Jan Smoleński, Political Critique: The possession of small amounts of drugs was not an offence in Colombia for some time until it was criminalized again a few months ago. It has even been written into the constitution. Why?
Daniel Mejia: The previous government thought that a policy allowing possession of small amounts of drugs and at the same time takes repressive steps in order to reduce production – I’m talking about destroying drug plantations– is inherently contradictory. It was one of the last decisions taken by the administration of Colombia’s former president Alvaro Uribe. The government decided to remove that contradiction by choosing a worse option.
The previous law was a part of bigger changes in drug policy on the South American continent. What was the source of this liberalization of law, adopted in many countries?
Evidence. I think an approach based on evidence, not on fancies, had finally won. When you look at who was introducing these changes you will notice that they were always the left-wing or liberal parties and the conservatives were against them. In Colombia the changes were proposed by the Left and the liberals have supported them. In its first term Uribe’s government didn’t touch this law, but in the second one it did.

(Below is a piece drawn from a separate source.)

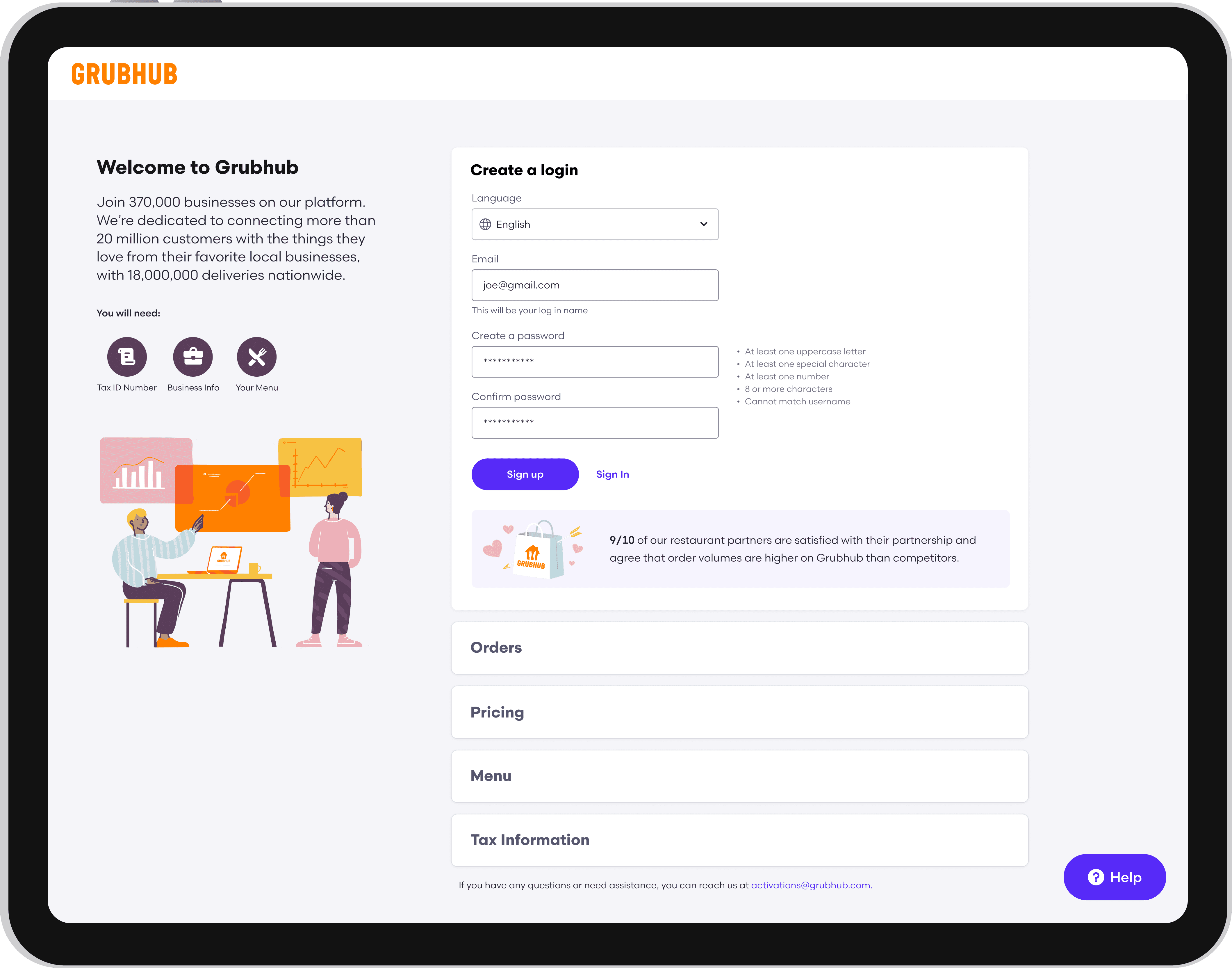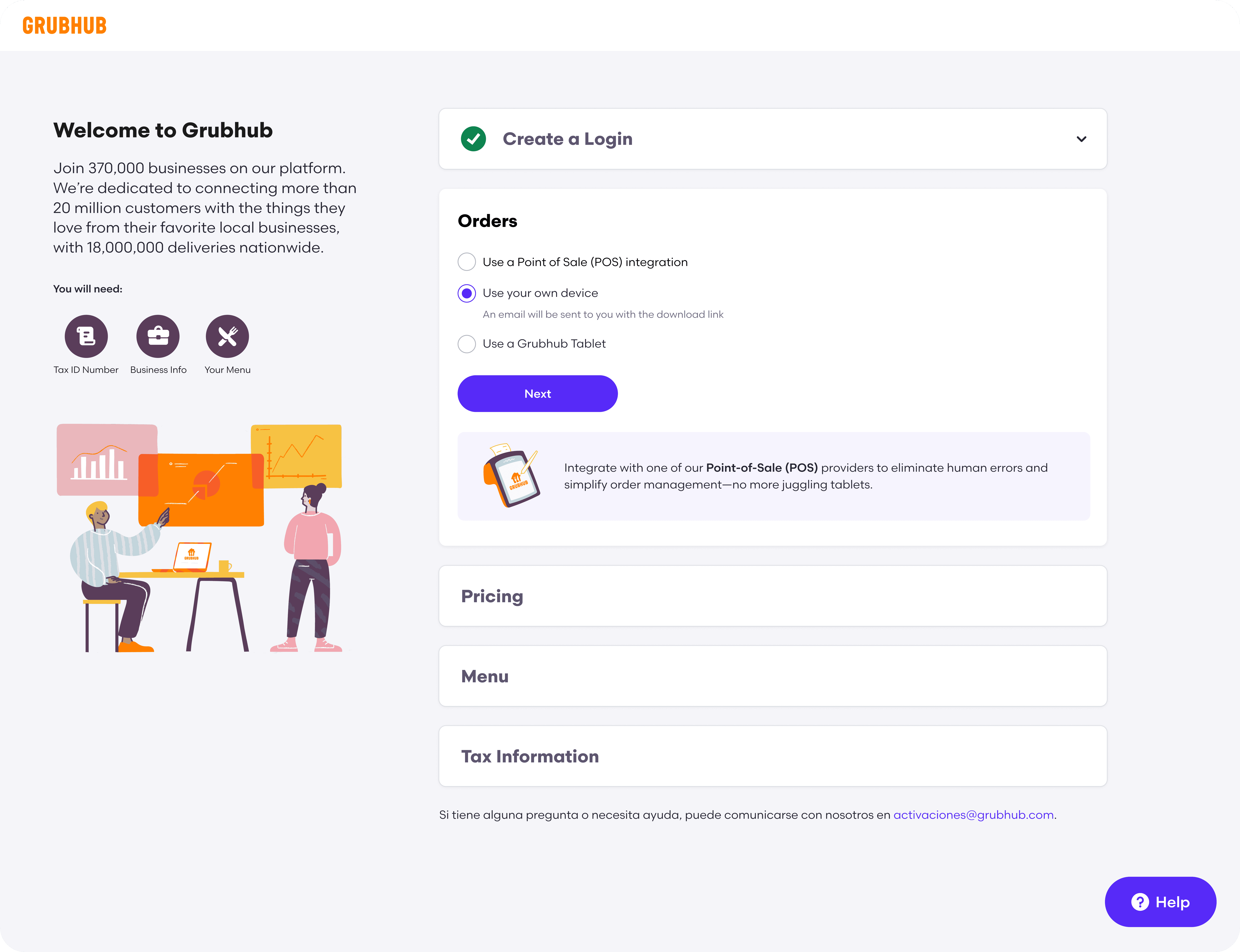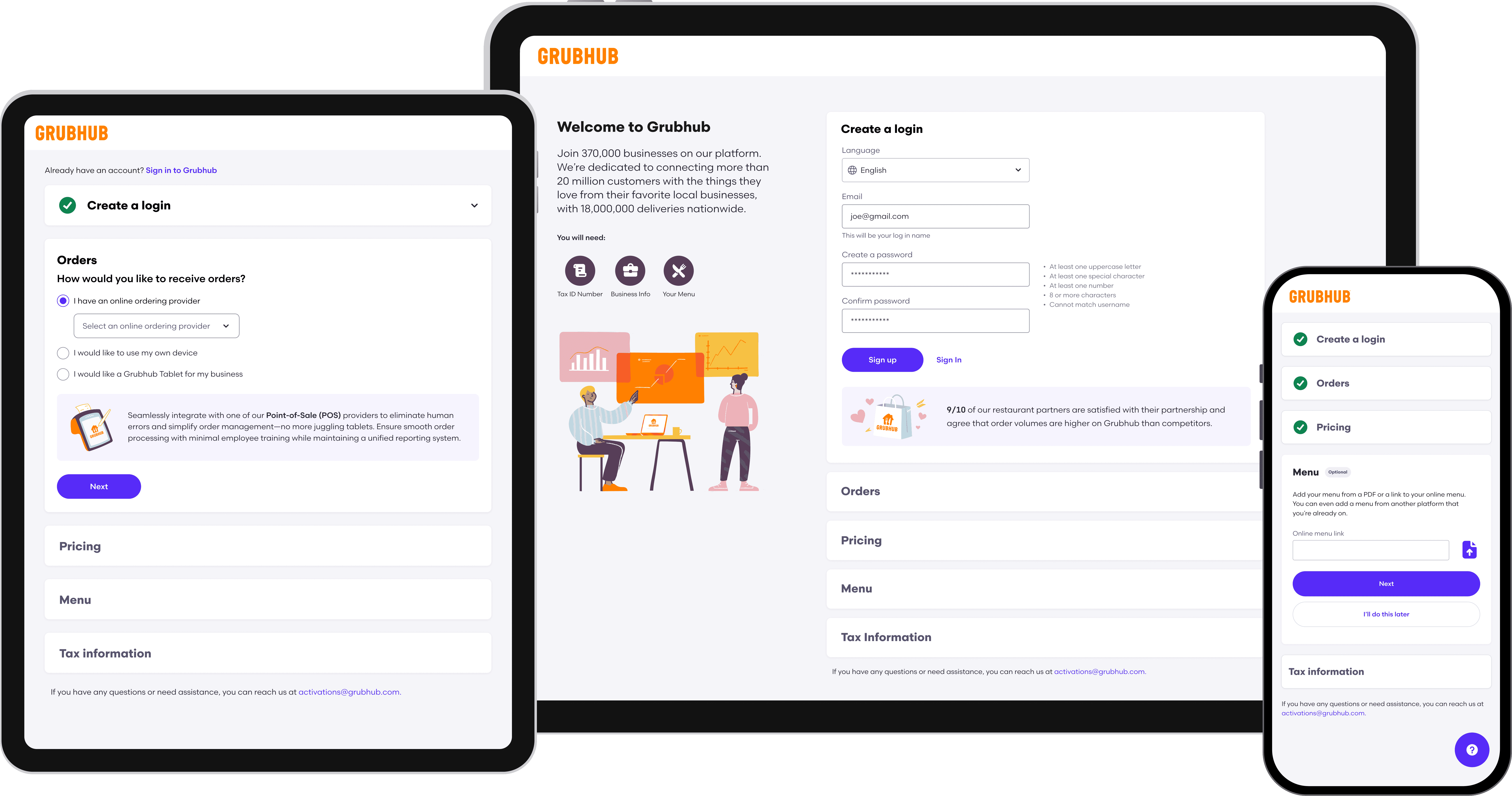 Partnering with product, engineering, copy, and sales, I led the design of an optimized onboarding experience that enabled merchants to onboard to the Grubhub platform independently, without needing a sales representative.

Is the negative impact of this regressive step already evident?
Oh yes. First of all the police use racial and income profiling: it selects its victims on the grounds of their appearance: skin colour or the clothes they wear. In practice rich people are not the victims of repressions, the poor are. The police suspect that they will cause problems. They do not target white people but those with a darker tone of skin. Besides this law is not effective: people detained for possession usually stay in custody for 24 hours and are released because the justice system has no way of dealing with their cases. So in practice criminalization of possession only means that the police have a legal basis for detaining the poor and non-whites.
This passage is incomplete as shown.